Working Capital Survey 2025 von Hackett

The Hackett Group, Inc. (NASDAQ: HCKT), die führende Gen AI- und strategische Beratung für digitale Transformation präsentiert in ihrer aktuell veröffentlichten Working Capital-Studie “EU 1000 WC Results” alarmierende Ergebnisse und Zahlen: 2024 blieben bei den untersuchten 1000 europäischen Unternehmen insgesamt 1,4 Billionen Euro ungenutzt ̶̶ das entspricht 14 Prozent der gesamten Umsätze dieser Unternehmen. 2023 lag der Wert des ungenutzten Working Capital-Potentials bei 1,3 Billionen Euro.
Schuld an der Verschlechterung der Unternehmensliqidität sind vor allem steigende Zahlungsziele, höhere Lagerbestände und ein herausforderndes makroökonomisches Umfeld mit sinkenden Umsätzen und steigenden Finanzierungskosten. Die Studie zeigt im Detail:
- Der Cash Conversion Cycle (CCC, Geldumschlagsdauer), also die Dauer zwischen der Beschaffung von Rohstoffen und Materialien bis zum Geldeingang für den Verkauf fertiger Produkte und Waren verlängerte sich gegenüber dem Vorjahr um 3 Prozent auf 44,8 Tage.
- Die DSO, die Debitorenlaufzeit, erhöhte sich von 47 auf 48 Tage.
- Der DIO-Wert, die Bestandsreichweite der Lagervorräte, wuchs von 66 auf 68,8 Tage an und erreichte damit den höchsten Wert innerhalb der letzten 10 Jahre.
- Die Kreditorenlaufzeit (DPO) verbesserte sich um 3 Prozent von 70 auf 72,6 Tage.
Dabei gibt es erhebliche Unterschiede in den europäischen Ländern: Die deutschen Unternehmen verschlechterten ihren CCC-Wert um 7 Prozent, UK um 2 Prozent, während französische und nordische Unternehmen leichte Verbesserungen erzielten.
Tim Ross, bei The Hackett Group Practice Lead Digital Procurement für Zentraleuropa und Nordics, sieht in Gen AI ein “wichtiges Instrument, um brachliegendes Working Capital zur Steigerung der Liquidität zu erschließen und damit weitere Kredikosten zu vermeiden”. Das aber erfordert “erhebliche betriebswirtschaftliche Disziplin und den Einsatz von Gen AI und Advanced Analytics” , führt er weiter aus. Nur damit kann das DSO-18-Tage-Gap zwischen Top-Performern und durchschnittlichen Unternehmen abgebaut werden: etwa durch die Vermeidung exzessiver Lagerhaltung und die Verbesserung der Zahlungspflichten sowie eine konsequentere Steuerung entlang der gesamten Source-to-Pay- und Order-to-Cash-Prozesse.

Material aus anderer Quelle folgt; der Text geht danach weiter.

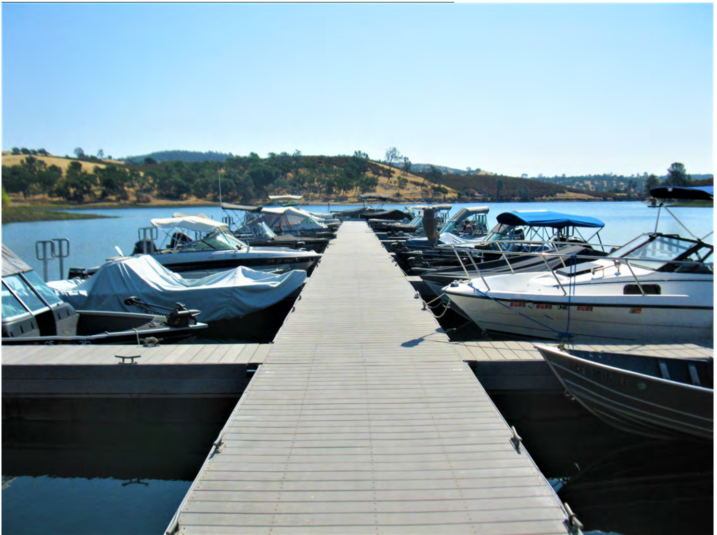
( https://rockymountainrec.com/wp-content/uploads/2017/10/Slip-Storage.jpg )

Dry Storage 12 months consecutively: $670.00
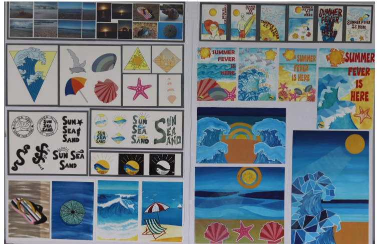
(Above) By Kitchie Turque
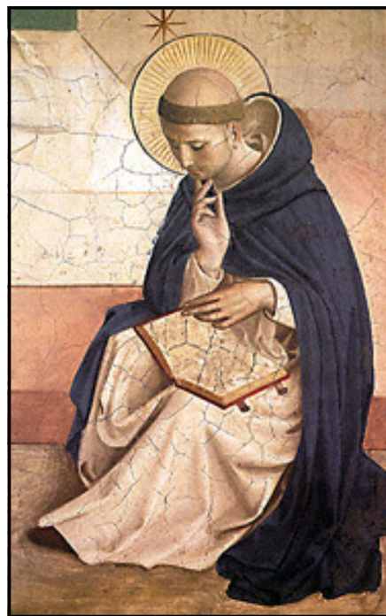
Saint Dominic 1170 - 1221

"Christ", the Pope went on, "is the most precious treasure that men and women of all times and places have the right to know and love! It is consoling to see how also in today's Church there are many people (pastors and lay faithful, members of ancient religious orders and of new
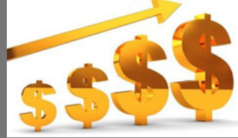
Equity And Debt Finance Services

Dabei spielt auch der digitale Einkauf eine zentrale Rolle: „Ein Großteil der strukturellen Treiber von Working Capital entsteht im Einkauf – etwa durch Bestellmengen, Zahlungsbedingungen, Lieferantenauswahl und PO-Disziplin. Moderne E-Procurement- und Purchase-to-Pay-Lösungen, unterstützt durch Gen AI, machen diese Hebel erstmals transparent und aktiv steuerbar“, so Ross.
Dabei helfen Gen AI und Advanced Analytics:
- Receivables, also Geldforderungen, können automatisiert und beschleunigt werden, wodurch verspätete Zahlungseingänge reduziert, Risiken früh erkannt und Mahnprozesse priorisiert werden können.

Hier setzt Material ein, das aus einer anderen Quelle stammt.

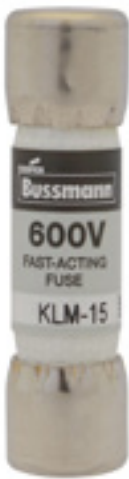
600Vac/dc 1 to 30A
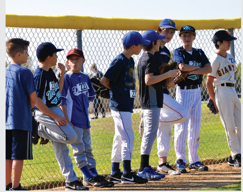
Malibu Little Leaguers take a break while they wait for the next phase of tryouts.
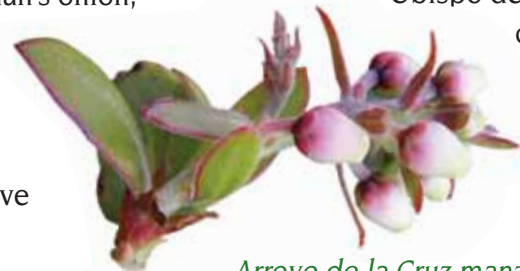
Arroyo de la Cruz manzanita

The park is home to rare and endangered plants, including maritime ceanothus, dwarf goldenstars, Arroyo de la Cruz manzanita, adobe sanicle, Hickman's onion, Blochman's dudleya and Arroyo de la Cruz mariposa lily. Prairie grasslands are among the area's native plant communities.

- Die Lagerhaltung kann durch AI und optimiertes Master-Data-Management exakte Prognosen und Planungen liefern. Das ermöglicht eine bessere Bestandssteuerung und Real Time-Fertigung auch bei negativen Veränderungen in den jeweiligen Märkten.
- Payables, also die Zahlungen an Lieferanten, können durch Gen AI optimiert werden: Routinen werden automatisiert, das Supplier Relationship Management wird verbessert und Liquidität wird erhalten, ohne dass es zu Störungen im Supply Chain Management kommt. In Kombination mit E-Procurement-Plattformen lassen sich Zahlungsziele, Skontopotenziale und Lieferantenkonditionen systematisch analysieren und verbessern.
Die europäischen Finance-Führungskräfte haben die Bedeutung des “konsequenten Working Capital-Managements erkannt – gerade in Zeiten globaler Spannungen, sinkender Umsätze und steigender Kreditzinsen”, so Tim Ross. Das belegt auch die Key Issues Study 2025 der Hackett Group: Die Optimierung des Working Capitals nimmt Platz 1 auf der Finance-Agenda der untersuchten Unternehmen ein.